> COLLECTED DATA:
————
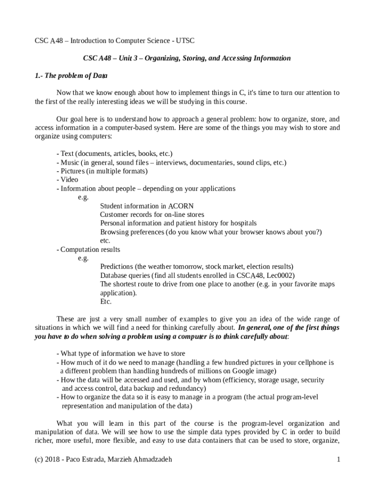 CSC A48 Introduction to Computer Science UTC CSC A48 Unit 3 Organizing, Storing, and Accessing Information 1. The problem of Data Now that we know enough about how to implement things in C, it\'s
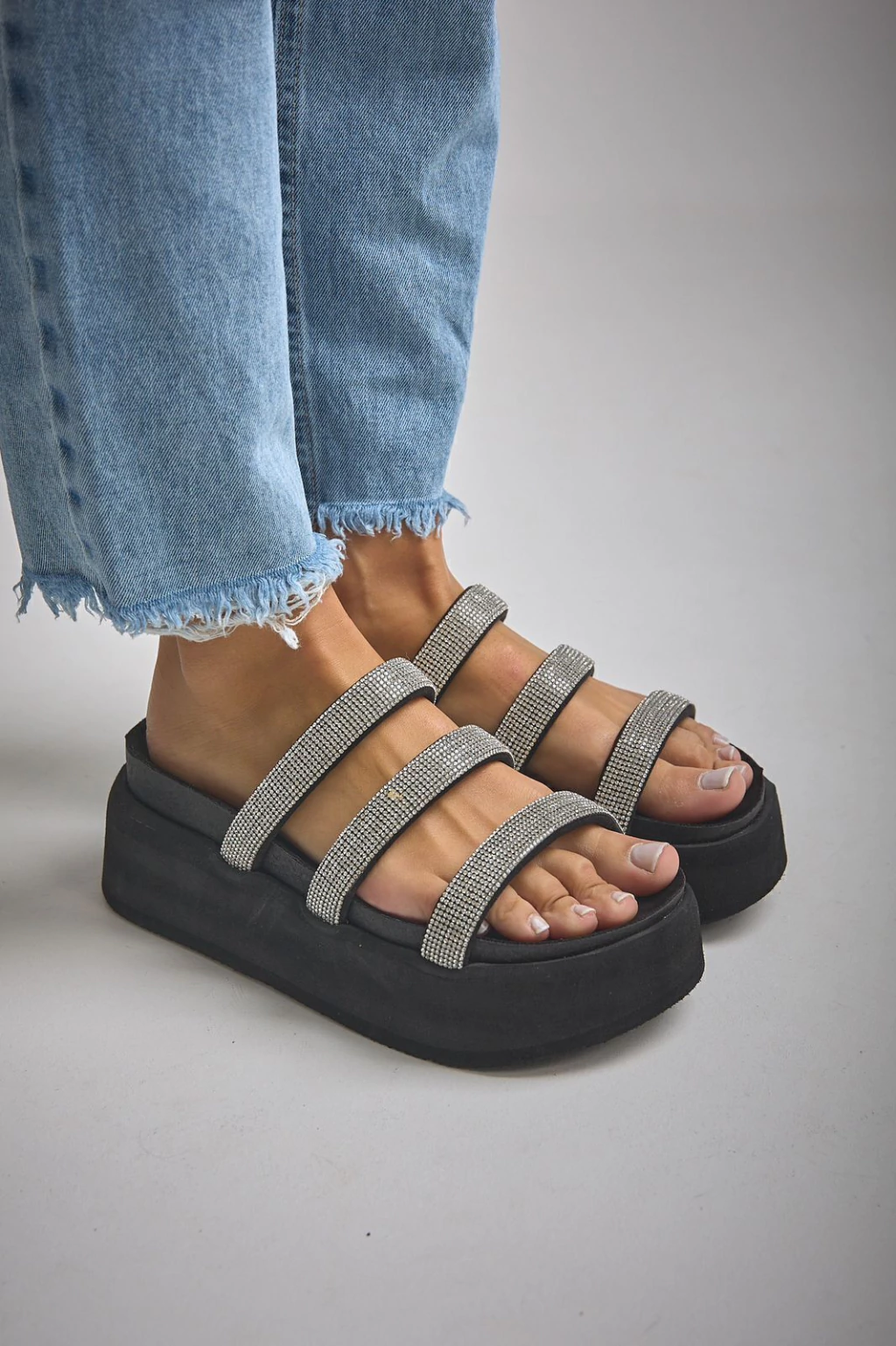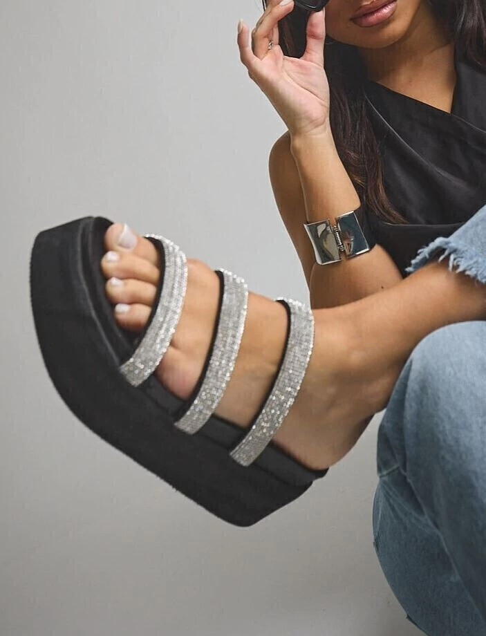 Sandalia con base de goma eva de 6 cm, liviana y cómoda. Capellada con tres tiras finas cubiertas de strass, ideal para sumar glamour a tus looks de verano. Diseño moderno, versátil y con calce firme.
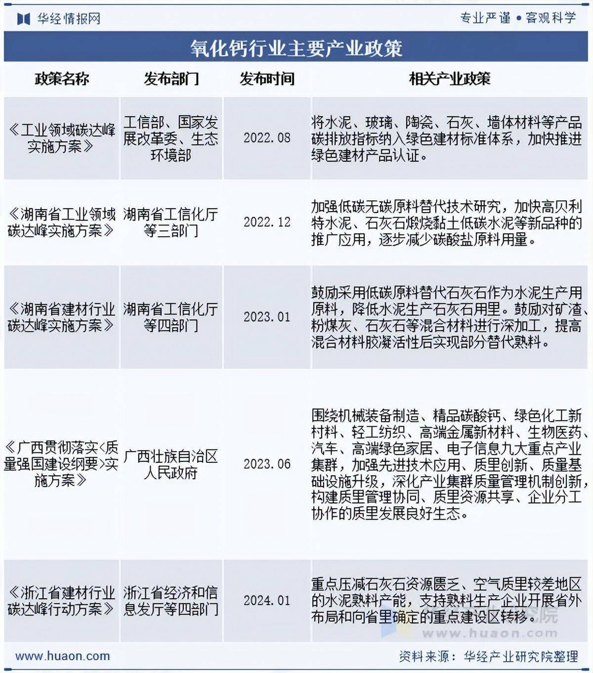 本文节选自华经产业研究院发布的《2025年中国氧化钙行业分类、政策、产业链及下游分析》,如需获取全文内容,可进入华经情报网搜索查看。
————
> EXERCISE GOAL: Would you retype the listing above exactly, omitting its pictures?

> EXERCISE SOLUTION:
 CSC A48 Introduction to Computer Science UTC CSC A48 Unit 3 Organizing, Storing, and Accessing Information 1. The problem of Data Now that we know enough about how to implement things in C, it\'s
 Sandalia con base de goma eva de 6 cm, liviana y cómoda. Capellada con tres tiras finas cubiertas de strass, ideal para sumar glamour a tus looks de verano. Diseño moderno, versátil y con calce firme.
 本文节选自华经产业研究院发布的《2025年中国氧化钙行业分类、政策、产业链及下游分析》,如需获取全文内容,可进入华经情报网搜索查看。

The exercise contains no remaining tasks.